As I wrote at the time: “It’s filthy stuff — visceral appeals to the very worst elements of American pathology. It reduces immigration to one issue: race. It feeds fear and hatred. It incites violence.”
I strenuously called on the rest of the media “to call out their vile attempts to spread hate and dissension through lies.”
But, as we know, there was no such outcry. The ostensibly “responsible” news media simply averted its eyes. And, in the absence of overwhelming public condemnation, Carlson and others felt emboldened, and kept going.
As the New York Times reported last month about Carlson, “In more than 400 episodes, the Times analysis found, he has amplified the idea that a cabal of elites want to force demographic change through immigration.”
It was a huge mistake not to condemn them a year ago, and it would be an even bigger mistake today to allow this theory to simply slide into the “mainstream.”
Marinating in the details of this particular attack is terrorism porn, and news organizations should stop engaging in it. But this is a hell of a news story.

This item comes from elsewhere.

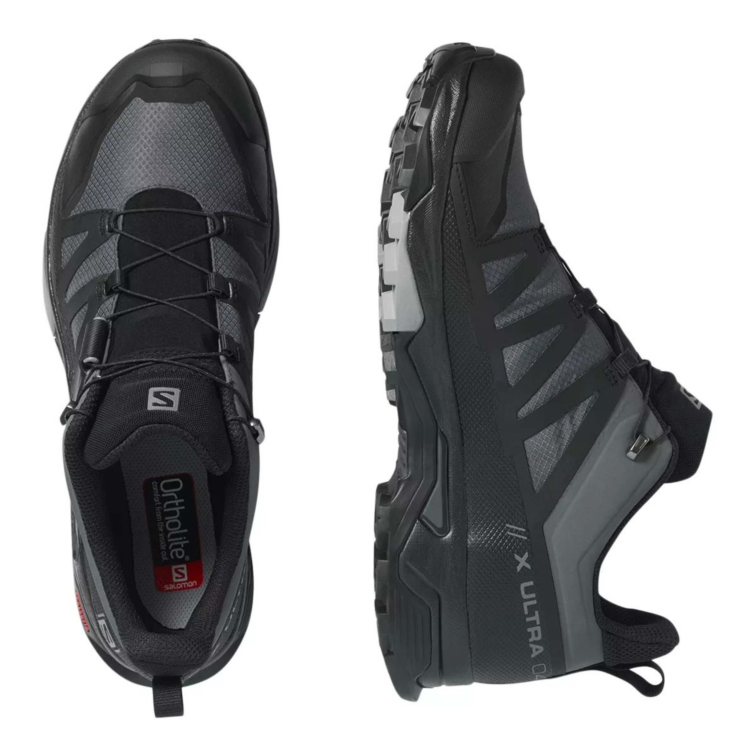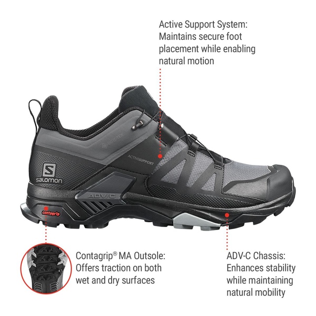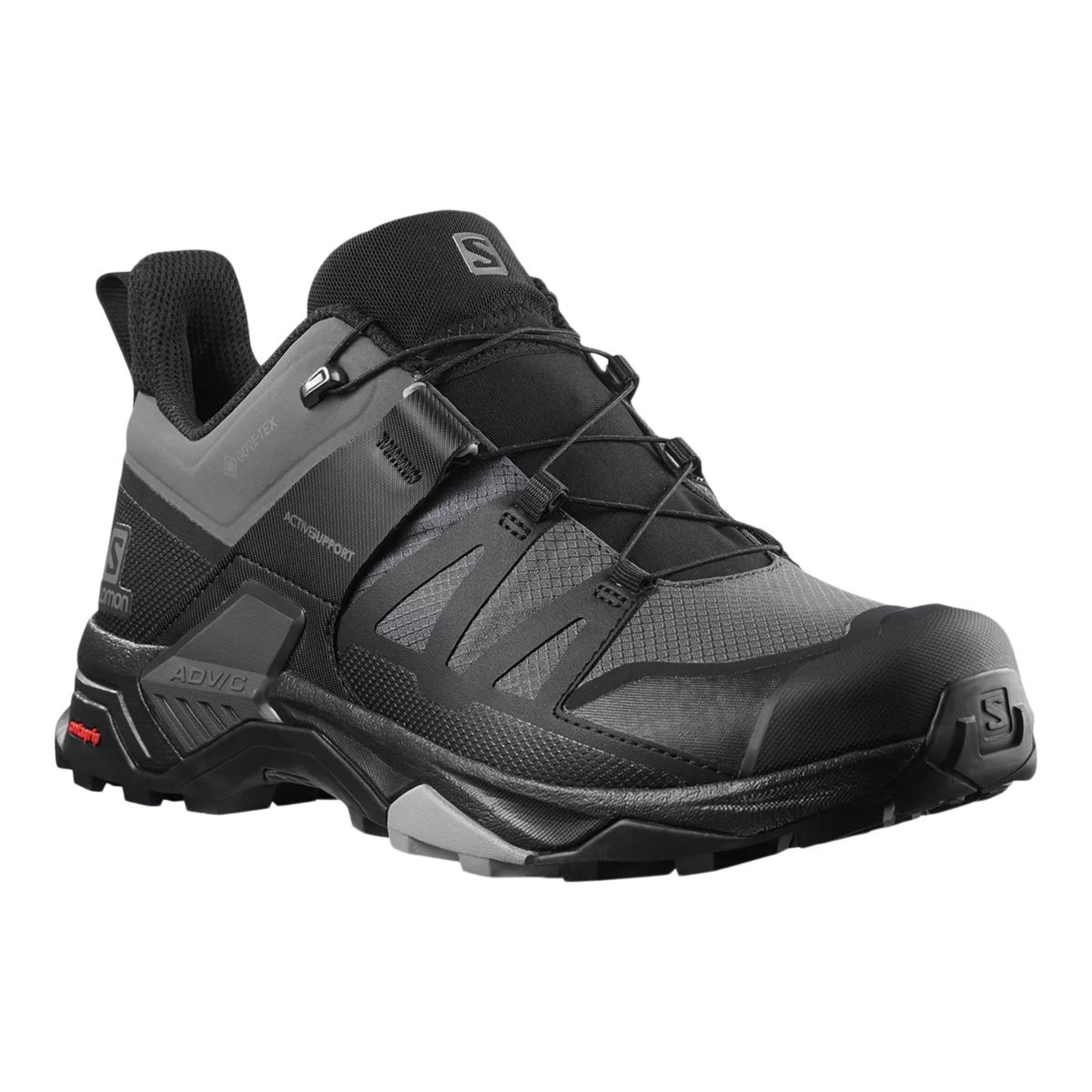Explore the trails with confidence in the Salomon Men's Ultra 4 Hiking Shoes. Designed for agility and stability, they feature an ADV-C Chassis for mobility and Contagrip® MA for all-terrain grip. Active Support adapts to your foot's movement, ensuring durability and control on varied surfaces. GORE-TEX waterproofing keeps your feet dry, making these Salomon men's hiking shoes an ideal choice for any adventure.

In a New York Times opinion essay, author Kathleen Belew brilliantly unpacked how belief in replacement theory “transforms social issues into direct threats.” It’s not just about immigration, but about abortion, and feminism, and LGBTQ rights, and integration, and intermarriage.
If replacement theory becomes Republican dogma, even the most submissive political reporters should be able to recognize that they can’t possibly keep referring to the GOP as a normal party, or to the upcoming midterm elections as a referendum on Biden. Those elections will be a referendum on whether to return to the dark ages.
“ I strenuously called on the rest of the media “to call out their vile attempts to spread hate and dissension through lies.”
Charlottesville was the harbinger, but ‘both sides’ news coverage simply highlighted Trumps bipartisan ‘good people on both sides’.
Ad revenue and circulation must be driven with carnival barkers who corral the curious public with subjective slants masquerading as objectivity.
I don’t hear the ancient bromide ‘airwaves belong to the People’ any more because that was just the beginning of the fairy tale and they had to sell the concept. Unfortunately, the concept was just another Edsel. Now, the Edsel is all they can sell
I can tell that Dan Froomkin doesn’t read Vdare very much. (And that’s a good thing!)
The racists have pre-sanitized replacement theory a long time ago. They say that it’s not race, it’s culture. They pretend to be good with Black Americans (they’re not), because Black Americans are thoroughly Americanized. They merely (ahem) argue that America cannot assimilate large quantities of people with foreign cultures, unaccustomed to American ways. Such as gun culture, perhaps. And our non-racist racists love themselves some Jews, who are nothing like (((cosmopolitan elites))). After all, we all support Israel, amirite?
The structure of white innocence consists of constant evasion and denial, and the rare human sacrifice of a Derek Chauvin or Peyton Gendron. Heck, in Texas, they even executed the killers of James Byrd. But having made the odd sacrifice, they’ll never confess to racism. Ever.